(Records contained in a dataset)
+++
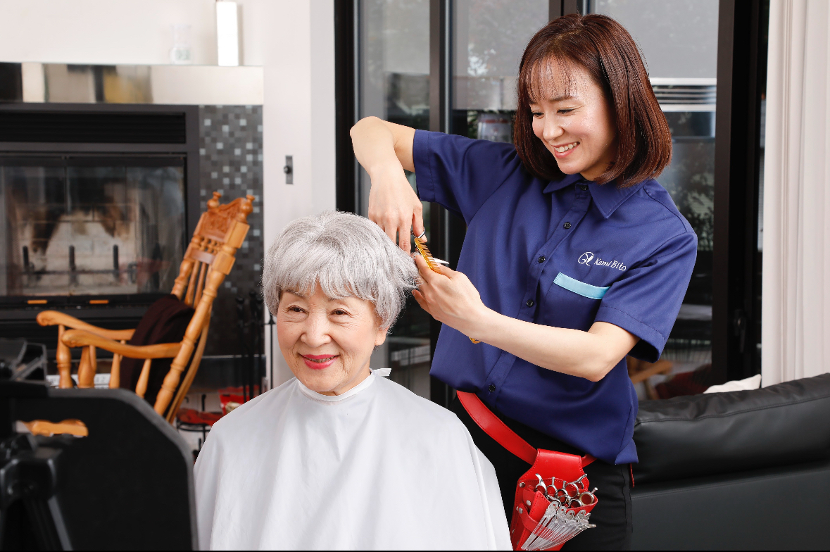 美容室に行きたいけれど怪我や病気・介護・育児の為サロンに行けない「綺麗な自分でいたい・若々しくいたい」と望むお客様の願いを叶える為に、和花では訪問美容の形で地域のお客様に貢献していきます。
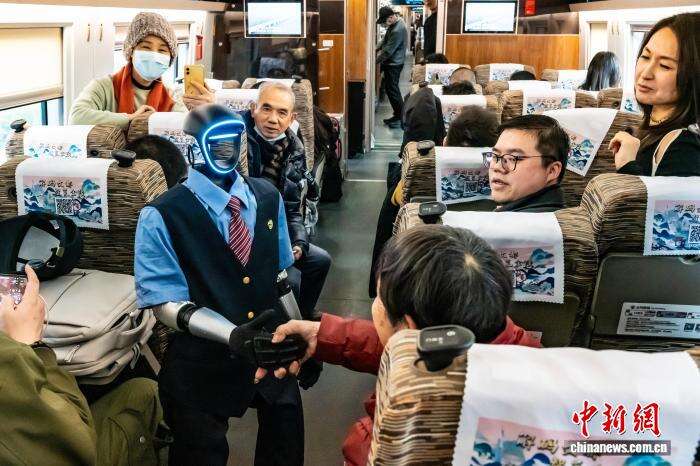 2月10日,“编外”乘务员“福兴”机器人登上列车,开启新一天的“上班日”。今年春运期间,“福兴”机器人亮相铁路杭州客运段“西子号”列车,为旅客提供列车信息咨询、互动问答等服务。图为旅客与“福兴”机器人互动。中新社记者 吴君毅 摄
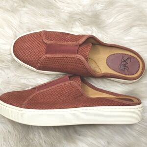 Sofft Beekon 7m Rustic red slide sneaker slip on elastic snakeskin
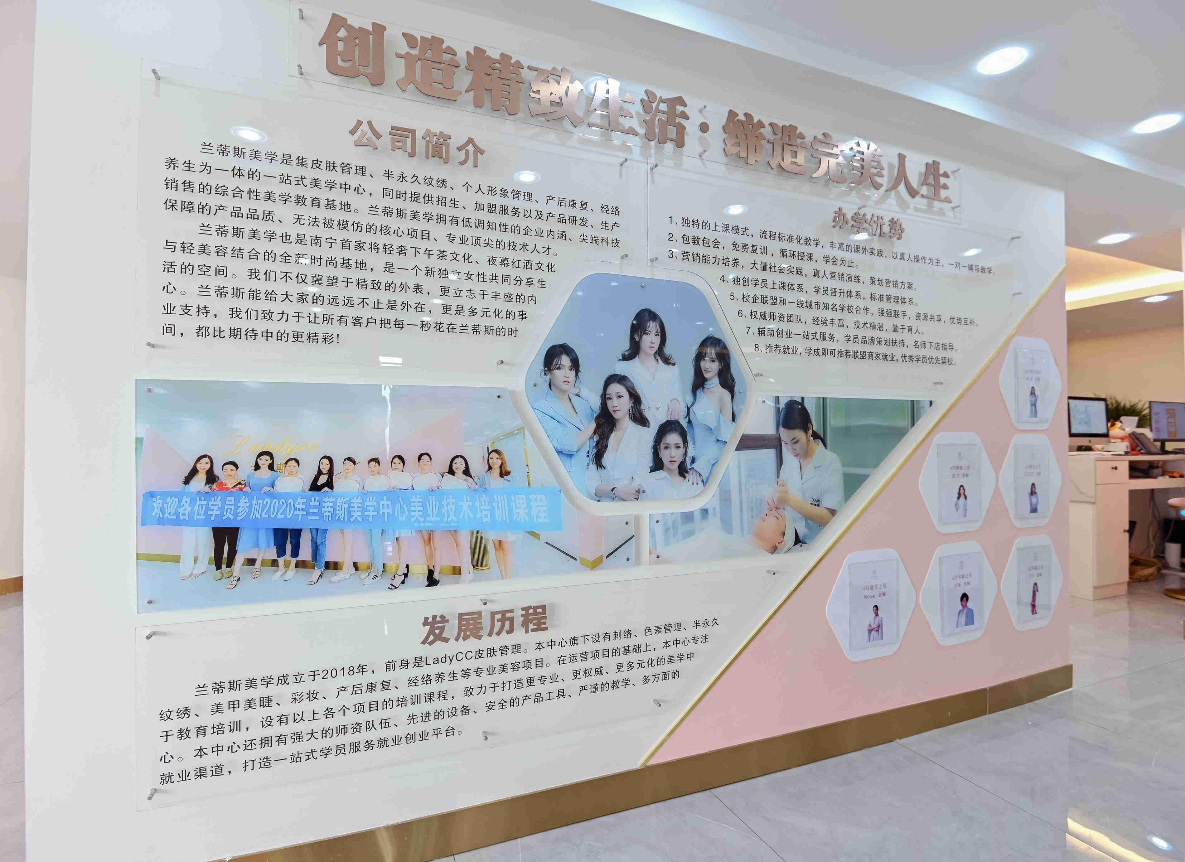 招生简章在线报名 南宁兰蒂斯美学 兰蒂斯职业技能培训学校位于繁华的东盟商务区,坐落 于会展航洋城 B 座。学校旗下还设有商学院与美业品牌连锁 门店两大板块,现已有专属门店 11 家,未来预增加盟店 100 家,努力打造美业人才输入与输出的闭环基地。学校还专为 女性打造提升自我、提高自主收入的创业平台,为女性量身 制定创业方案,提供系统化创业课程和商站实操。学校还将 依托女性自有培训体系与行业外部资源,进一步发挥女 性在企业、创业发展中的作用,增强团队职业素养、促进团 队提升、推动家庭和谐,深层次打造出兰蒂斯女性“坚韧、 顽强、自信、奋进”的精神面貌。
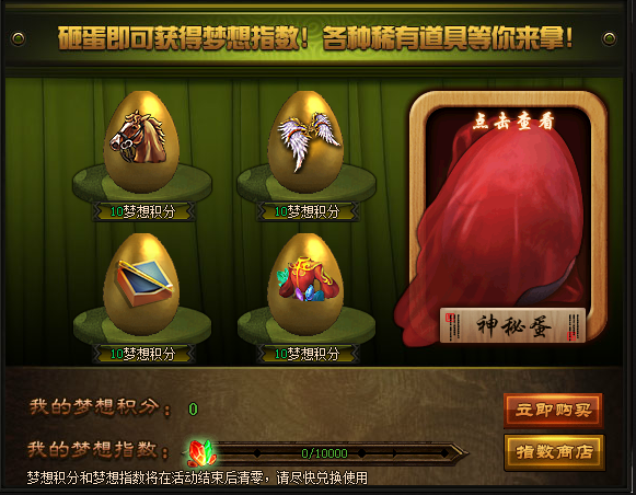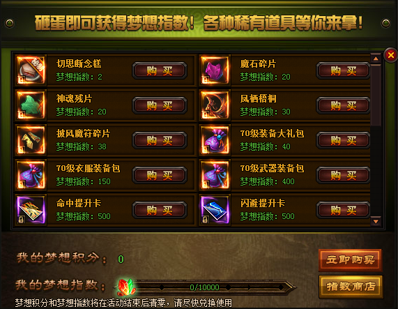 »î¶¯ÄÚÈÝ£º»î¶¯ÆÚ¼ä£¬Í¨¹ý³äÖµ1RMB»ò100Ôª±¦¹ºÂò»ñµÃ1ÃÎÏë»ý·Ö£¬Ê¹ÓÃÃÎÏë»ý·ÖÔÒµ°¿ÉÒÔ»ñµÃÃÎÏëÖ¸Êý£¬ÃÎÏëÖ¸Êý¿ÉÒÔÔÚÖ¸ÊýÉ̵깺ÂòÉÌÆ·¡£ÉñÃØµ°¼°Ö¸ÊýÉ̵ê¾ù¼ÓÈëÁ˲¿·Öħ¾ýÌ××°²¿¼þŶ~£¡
+++
→ Goal of the exercise:
Repeat exactly the line containing "Sofft Beekon 7m" and every line after it through the end of the records, and nothing else. Leave the pictures out.

→ Answer for the task:
 Sofft Beekon 7m Rustic red slide sneaker slip on elastic snakeskin
 招生简章在线报名 南宁兰蒂斯美学 兰蒂斯职业技能培训学校位于繁华的东盟商务区,坐落 于会展航洋城 B 座。学校旗下还设有商学院与美业品牌连锁 门店两大板块,现已有专属门店 11 家,未来预增加盟店 100 家,努力打造美业人才输入与输出的闭环基地。学校还专为 女性打造提升自我、提高自主收入的创业平台,为女性量身 制定创业方案,提供系统化创业课程和商站实操。学校还将 依托女性自有培训体系与行业外部资源,进一步发挥女 性在企业、创业发展中的作用,增强团队职业素养、促进团 队提升、推动家庭和谐,深层次打造出兰蒂斯女性“坚韧、 顽强、自信、奋进”的精神面貌。
 »î¶¯ÄÚÈÝ£º»î¶¯ÆÚ¼ä£¬Í¨¹ý³äÖµ1RMB»ò100Ôª±¦¹ºÂò»ñµÃ1ÃÎÏë»ý·Ö£¬Ê¹ÓÃÃÎÏë»ý·ÖÔÒµ°¿ÉÒÔ»ñµÃÃÎÏëÖ¸Êý£¬ÃÎÏëÖ¸Êý¿ÉÒÔÔÚÖ¸ÊýÉ̵깺ÂòÉÌÆ·¡£ÉñÃØµ°¼°Ö¸ÊýÉ̵ê¾ù¼ÓÈëÁ˲¿·Öħ¾ýÌ××°²¿¼þŶ~£¡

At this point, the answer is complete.